- Task item -
Only the lines below from the one containing "Figure 32 Device" through the one containing "Sheet NẮNG ĐẸP" belong in the answer, set down exactly, with the pictures left out.

[Source data]
========================================================================

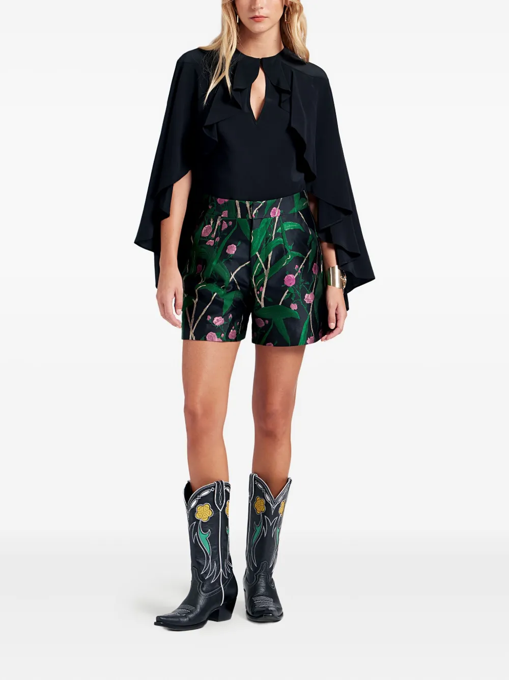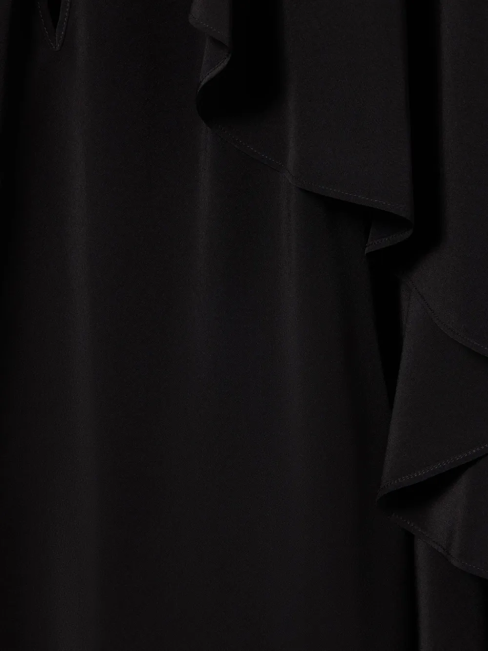 черная шелковая блузка с круглым вырезом, кейп-рукавами и декоративным вырезом
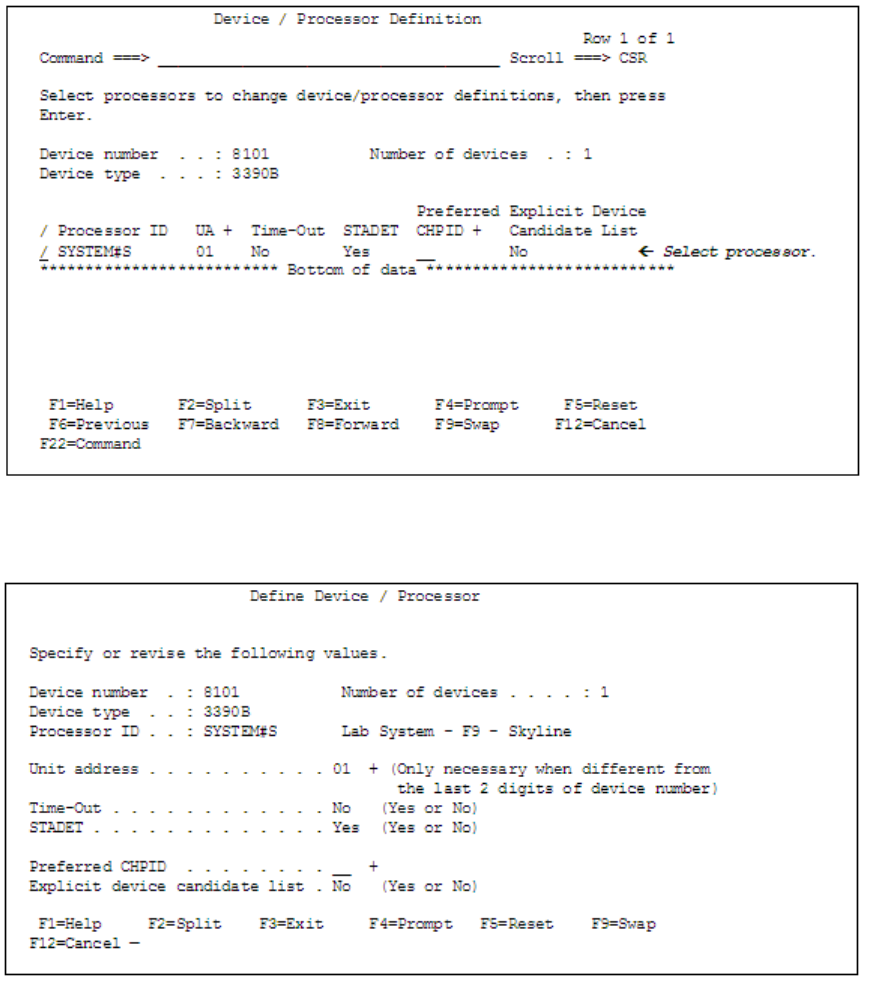 Figure 32 Device / Processor Definition Panel - Selecting the Processor ID
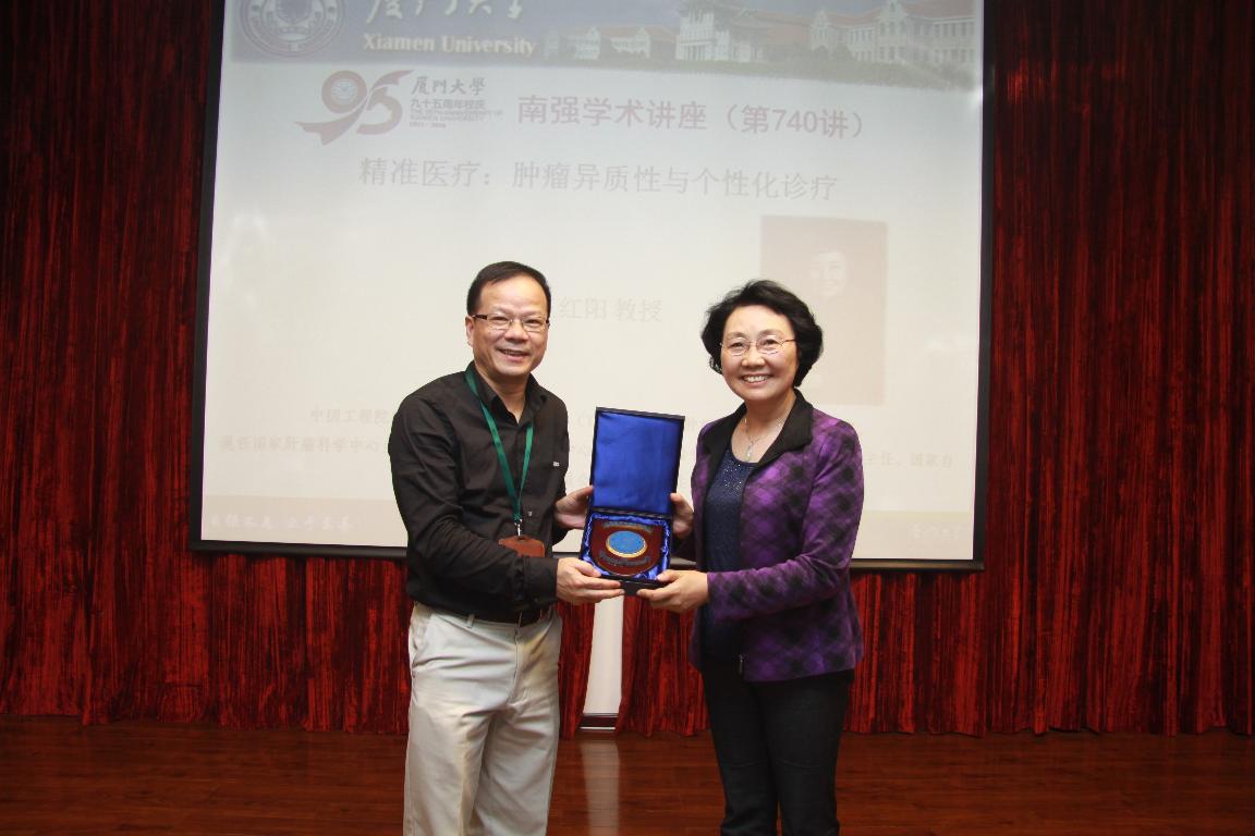 4月8日下午,中国工程院院士、国家肝癌科学中心主任、第二军医大学肝病中心主任、国际合作生物信号转导研究中心主任、上海东方肝胆外科研究所常务副所长王红阳教授在生命科学学院五楼学术报告厅,为我校师生带来了一场主题为“精准医疗:肿瘤异质性与个性化诊疗”的南强学术讲座。生命科学学院副院长李博安教授主持了本场讲座,院长林圣彩教授为王红阳教授颁发了南强讲座纪念章。
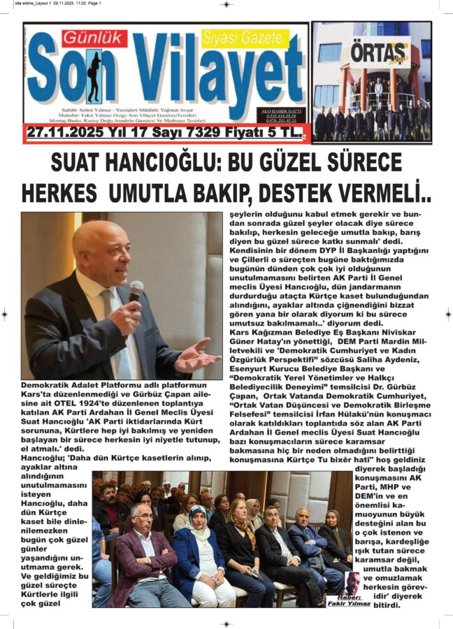 Demokratik Adalet Platformu adlı platformun Kars’ta düzenlenmediği ve Gürbüz Çapan ailesine ait OTEL 1924’te düzenlenen toplantıya katılan AK Parti Ardahan İl Genel Meclis Üyesi Suat Hancıoğlu ‘AK Parti iktidarlarında Kürt sorununa, Kürtlere hep iyi bakılmış ve yeniden başlayan bir sürece herkesin iyi niyetle tutunup, el atmalı.’ dedi.
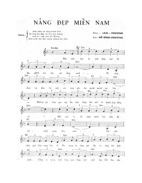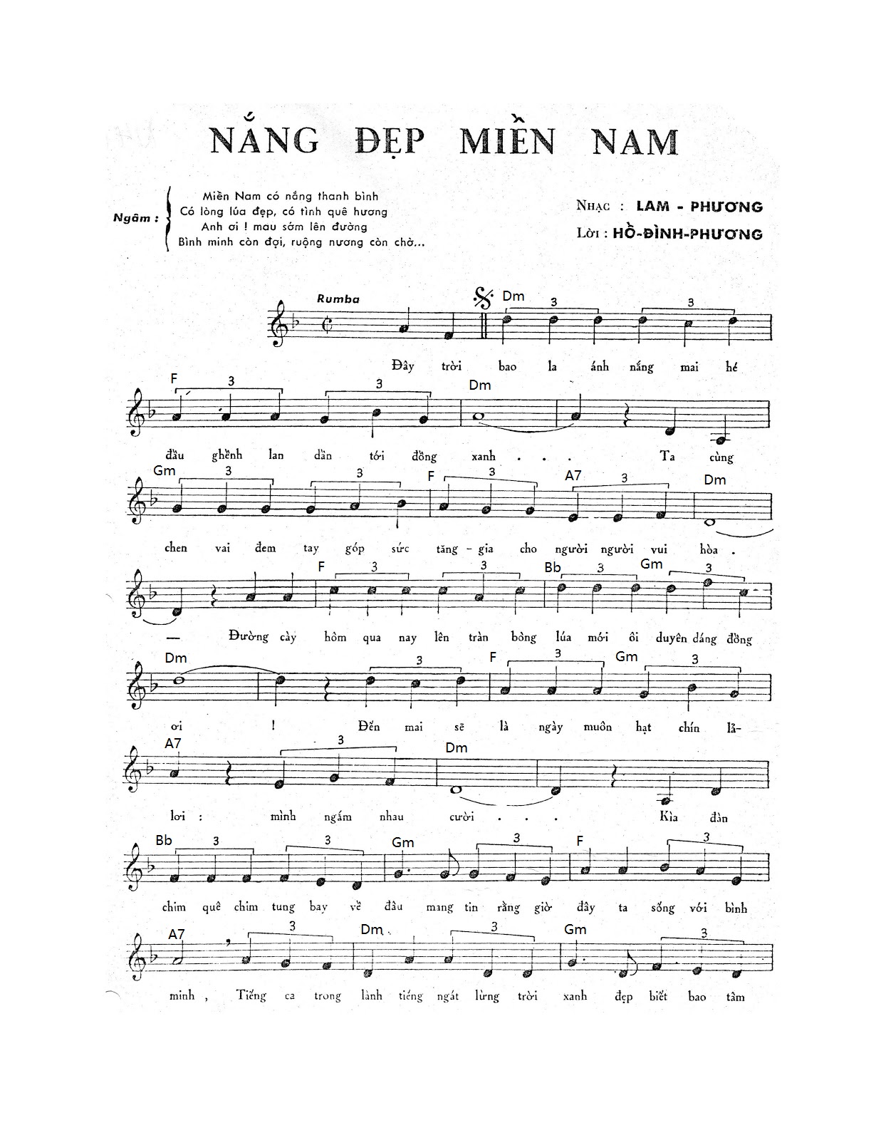 Sheet NẮNG ĐẸP MIỀN NAM của nhạc sĩ Lam Phương.
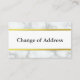 Avez-vous besoin de faire une faire-part mobile ? Cette carte de boîtier a un look de texture marbré blanc et vous pouvez customiser l'autocollant avec votre nom et nouvelle adresse. Au verso, il y a du texte noir personnalisable (indiqué : "Changement d'adresse"). Au milieu est un arrière - plan blanc pour votre nom et nouvelle adresse.
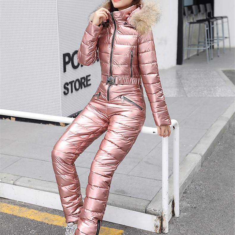 Combinaison de ski femme ajustée avec ceinture et col fourrure
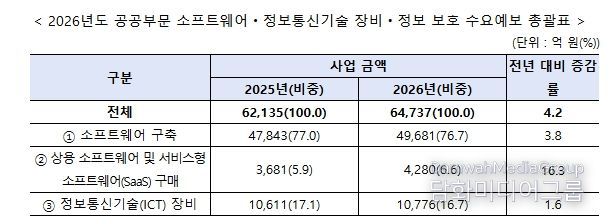 2026년 공공부문 소프트웨어·정보통신기술 장비 총 사업 금액은 6조 4,737억 원으로 전년 대비 4.2%(2,602억 원) 증가했으며, 총 사업 수 또한 16,274건으로 전년 대비 5.6% 증가했다. 사업 유형별로는 ①소프트웨어 구축 4조 9,681억 원(76.7%), ②소프트웨어 구매 4,280억 원(6.6%), ③정보통신기술 장비 1조 776억 원(16.7%)을 차지했다.
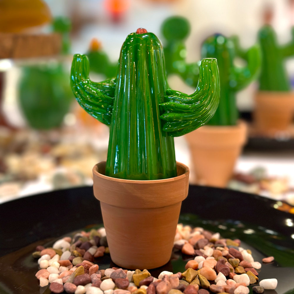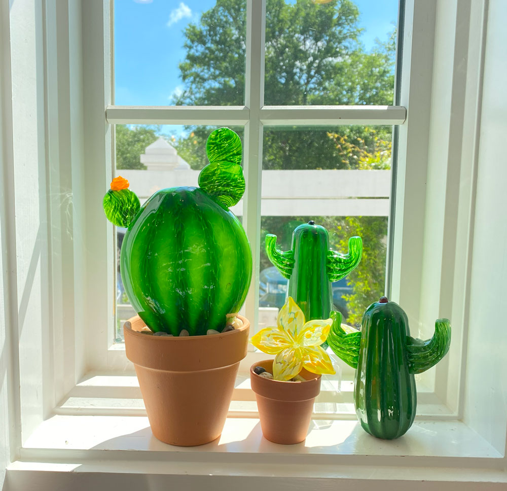 We can't grow these hand crafted glass cactus fast enough. They've been a favorite at Wimberley Glassworks. Each cactus is approximately 5" tall and ready to nestle into a terracotta pot with moss, or displayed separately to work with your own style and home decor. The mini terracotta pot measures 2.5" x 2.5".

========================================================================

- Task output -
 Figure 32 Device / Processor Definition Panel - Selecting the Processor ID
 4月8日下午,中国工程院院士、国家肝癌科学中心主任、第二军医大学肝病中心主任、国际合作生物信号转导研究中心主任、上海东方肝胆外科研究所常务副所长王红阳教授在生命科学学院五楼学术报告厅,为我校师生带来了一场主题为“精准医疗:肿瘤异质性与个性化诊疗”的南强学术讲座。生命科学学院副院长李博安教授主持了本场讲座,院长林圣彩教授为王红阳教授颁发了南强讲座纪念章。
 Demokratik Adalet Platformu adlı platformun Kars’ta düzenlenmediği ve Gürbüz Çapan ailesine ait OTEL 1924’te düzenlenen toplantıya katılan AK Parti Ardahan İl Genel Meclis Üyesi Suat Hancıoğlu ‘AK Parti iktidarlarında Kürt sorununa, Kürtlere hep iyi bakılmış ve yeniden başlayan bir sürece herkesin iyi niyetle tutunup, el atmalı.’ dedi.
 Sheet NẮNG ĐẸP MIỀN NAM của nhạc sĩ Lam Phương.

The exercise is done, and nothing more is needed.